Understanding the importance of 'Non-Verbal Communication in Leadership' and how horses can help us learn communication without speech
Most young leaders grow up believing that communication is all about talking well, speaking confidently, making a point of just about filling the room with words.This belief is understandable, but incomplete, because in reality, the most influential communication in leadership happens before a single word is spoken. Your body has already spoken, your nervous system has already announced itself, and with that your intention has already been announced and mark my words, everyone, humans aswellas animals, have already responded.
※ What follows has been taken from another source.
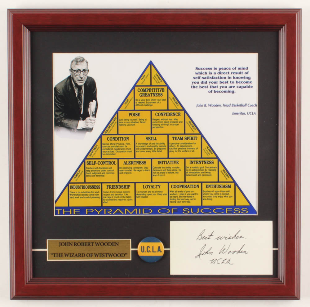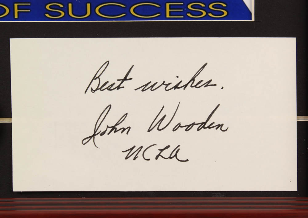 John Wooden Signed "The Pyramid of Success" 13.5x13.5 Custom Framed Cut Display with Vintage Pin Inscribed "Best Wishes" & "UCLA" (PSA COA)

The Science Beneath Non-Verbal Communication
Modern neuroscience confirms what ancient wisdom always knew that communication is not transmitted primarily through words. Research shows that, he autonomic nervous system broadcasts our emotional state continuously. Others detect this through posture, breathing rhythm, muscle tension, gaze, and micro-movements, and all this happens below conscious awareness. In leadership settings, people are not responding to what you say first, but hey respond to, how regulated you are, whether your presence feels safe or threatening, whether your energy is coherent or chaotic. Words come later, often much later.
Why Loud Leaders Often Feel Insecure
Many young leaders over-communicate verbally because their internal state is noisy. They talk not to communicate but to control the environment, fill uncertainty, assert authority they don’t yet feel inside. The irony is, the more they talk, the less they are felt as leaders. True leadership presence is economical. It uses fewer words, not more.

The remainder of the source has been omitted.